Monday, December 22, 2008

busy busy busy

7th months has passed since i entered this matriculation college. Once, I realized that the study lifetyle here is quite different from my secondary school..The syllabus here is very rush because we just need to swallow all the knowledges on books within one year..Fortunately, i'm able to adapt to this rugged ambience..BUT, sometimes the hectic homeworks made me even can't breathe anymore..terrible..everyday with the books around..craziness..but i have no choice..

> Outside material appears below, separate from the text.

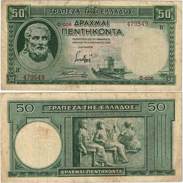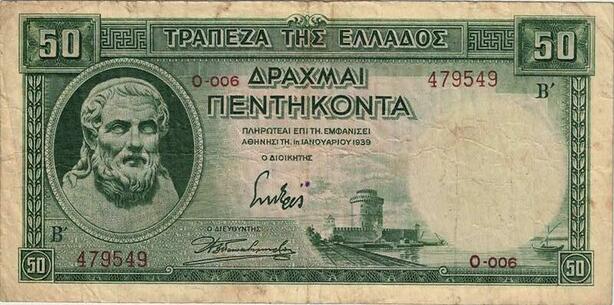Q1889 Banknote Greece 50 Drachmai Hesiod 1939 -> Make offer

NOW, I'm thinking the matters that i can do when i go back home on this wednesday at 6pm.. instead of Christmas's holidays, i have a chance to gather with my family members and ex-friends again..happy a lot..so, i'm trying to finish all my works before i am going back home because i don't wanna to face all the books at home to spoilt my mood..but i don't think i will read anymore at home..haha..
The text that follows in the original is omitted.